Digital Signal and Image Processing

Dr. Sven Hirsch and Prof. Gabor Székely

Lectures and Exercises
Friday, 13-16 hrs, CAB H56
Course Material

Objective:The lecture provides an introduction to basic methods of digital image signal processing covering the following major topics: linear shift invariant systems and their characterization, the Fourier transform, signals in the spatial and frequency domain as well as sampling, quantization and interpolation. Theoretical and implementational issues about 1D and 2D FIR and IIR filters are also discussed.
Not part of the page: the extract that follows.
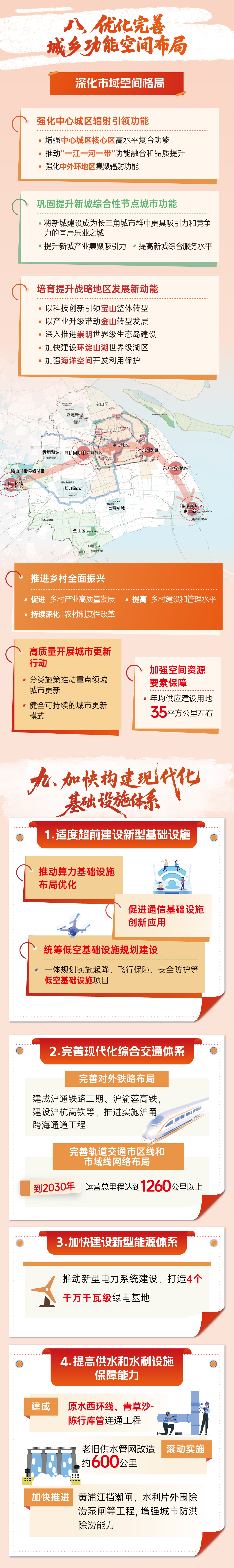 共分为三个部分。第一部分是总论,包括第一章、第二章,重点回顾“十四五”时期上海取得的成绩,同时明确“十五五”时期的发展方向、总体思路和目标。 第二部分是重点任务和举措,从第三章到第十五章,一共13个方面,围绕各领域系统部署“十五五”时期上海经济社会发展的重点任务和具体举措。 第三部分是实施保障,也就是第十六章。将按照《上海市发展规划条例》的要求,进一步强化规划实施的全过程法治保障,确保把发展蓝图一步步落到实处、转化为现实生产力。 关于“十五五”主要目标指标 指导思想 注重体现鲜明的上海特点,可以概括为“四个以、两推动一确保”。“四个以”是指,“以科技创新为引领,以改革开放为动力,以国家重大战略为牵引,以城市治理现代化为保障”,这是习近平总书记2023年底考察上海时提出的明确要求,是做好上海工作的方法论。“两推动一确保”是指,“推动经济实现质的有效提升和量的合理增长,推动共同富裕和人的全面发展迈出坚实步伐,确保加快建成具有世界影响力的社会主义现代化国际大都市取得决定性进展”,体现了上海“十五五”阶段性任务要求。 两个重要时间节点的发展目标 围绕2030年和2035年两个重要时间节点,设置了相关发展目标。到2030年,“五个中心”核心功能持续跃升,全球资源配置力、科技创新策源力、高端产业引领力、开放枢纽门户影响力和文化软实力明显增强,重要领域和关键环节改革取得决定性成果,高水平制度型开放取得更大突破,奋力打造人民城市最佳实践地,人民生活品质不断提高,社会主义现代化国际大都市的世界影响力更加彰显,全球城市综合位势持续进阶。到2035年,上海“五个中心”功能全面升级,重要发展指标达到国际领先水平,城市能级和核心竞争力显著提升,人均地区生产总值比2020年翻一番,基本建成具有世界影响力的社会主义现代化国际大都市。 主要指标 《纲要》设置了20个主要指标,其中14项是预期性指标,6项是约束性指标。设置这些指标,主要有三点考虑:一是引领性,坚持“少而精”,用有代表性、指引性的指标牵引经济社会发展,展现上海的使命担当。二是创新性,瞄准“十五五”具有紧迫性的重点任务,在与“十四五”有机衔接的基础上,根据新情况进行调整,更加符合“十五五”阶段性特征。三是针对性,因地制宜、有的放矢,更加突出上海特色,也更加贴近市民切实感受。具体来看:聚焦经济“质的有效提升”与“量的合理增长”,设置了经济增长、效益提升、结构优化等指标。聚焦“五个中心”建设,设置了金融、贸易、航运、科创等指标。聚焦民生期待,设置了就业、收入、住房、养老等指标。聚焦绿色发展,设置了绿色低碳转型、韧性安全治理等指标。此外,《纲要》还明确了40多个具体领域的工作目标,用来更好指导各领域工作开展。 关于“十五五”时期13个方面的重大举措 可以概括为“三个新”:新动能、新空间、新品质。 01.新动能 核心是围绕“五个中心”建设,增强城市核心功能。国际经济中心重在提升地位和全球影响力,构建“2+3+6+6”现代化产业体系(“2”,是指推动传统产业数智化、绿色化转型,“3”是指加快发展三大先导产业,第一个“6”是指打造六大新兴支柱产业集群,第二个“6”是指前瞻布局六大未来产业),同时激发服务业创新活力,加快产业、空间和要素聚集,扩大内需,培育世界一流企业,提升全球经济治理影响力。国际金融中心重在提高竞争力和国际化水平,稳步扩大金融高水平对外开放,加快建设人民币资产全球配置中心和风险管理中心,完善市场、机构、产品服务、基础设施“四个体系”,提高金融服务实体经济质效。国际贸易中心重在强化枢纽功能,巩固全球贸易网络枢纽地位,引进培育一批全球供应链管理中心,做强大宗商品资源配置功能,加快推动贸易结构转型和创新发展。国际航运中心重在提升资源配置能力,巩固提升海空枢纽港地位,建设长三角世界级港口群和机场群,提升全链条航运服务竞争力,加快航运数字、智能、绿色转型。国际科技创新中心重在增强策源功能,加强原始创新和关键核心技术攻关,推动科技创新和产业创新深度融合,一体推进教育科技人才发展,优化科技创新中心功能布局。同时,上海作为改革开放前沿,“十五五”时期将全面深化高水平改革开放。依托浦东、临港、虹桥、东方枢纽等国家战略平台,稳步扩大制度型开放,加快构建更高水平开放型经济新体制,持续优化国际一流营商环境,深化高水平社会主义市场经济体制改革,激发各类主体创新发展活力。 02.新空间 主要包括长三角区域和上海市域两个层面。聚焦长三角区域,落实长三角一体化发展国家重大战略,单独设置长三角一体化发展章节。统筹科技创新和产业创新、龙头带动和各扬所长、硬件联通和机制协同、生态环保和经济发展,聚焦重点领域精耕细作、体制机制支撑保障、重点区域联动发展,全力推进上海(长三角)科创中心建设,推动G60科创走廊和沿沪宁产业创新带建设走深走实。携手苏浙皖持续巩固提升长三角高质量发展动力源作用,推动长三角地区在中国式现代化中走在前列。在市域层面,优化完善城乡功能空间布局,加快构建现代化基础设施体系。深化“中心辐射、两翼齐飞、新城发力、南北转型”的市域空间格局,强化中

Contents: The goal of the lecture is to provide an introduction to basic knowledge and methods of signal processing, which is necessary to follow subsequent courses in visual computing (like computer graphics, computer vision or pattern recognition). While mostly concentrating on the processing of higher dimensional signals (2D, 3D), the course will be self-contained and discusses the underlying concepts also for the 1D (time-dependent) case. Only basic concepts of real and complex analysis and probability theory will be assumed to be known.

Prerequisites: Basic concepts of mathematical analysis and linear algebra. The computer exercises are based on UNIX and C. The course is given in English, but German can also be used for questions during the lectures, for the exercises and at the exams.

Course material: Script, computer demonstrations, exercises and problem solutions.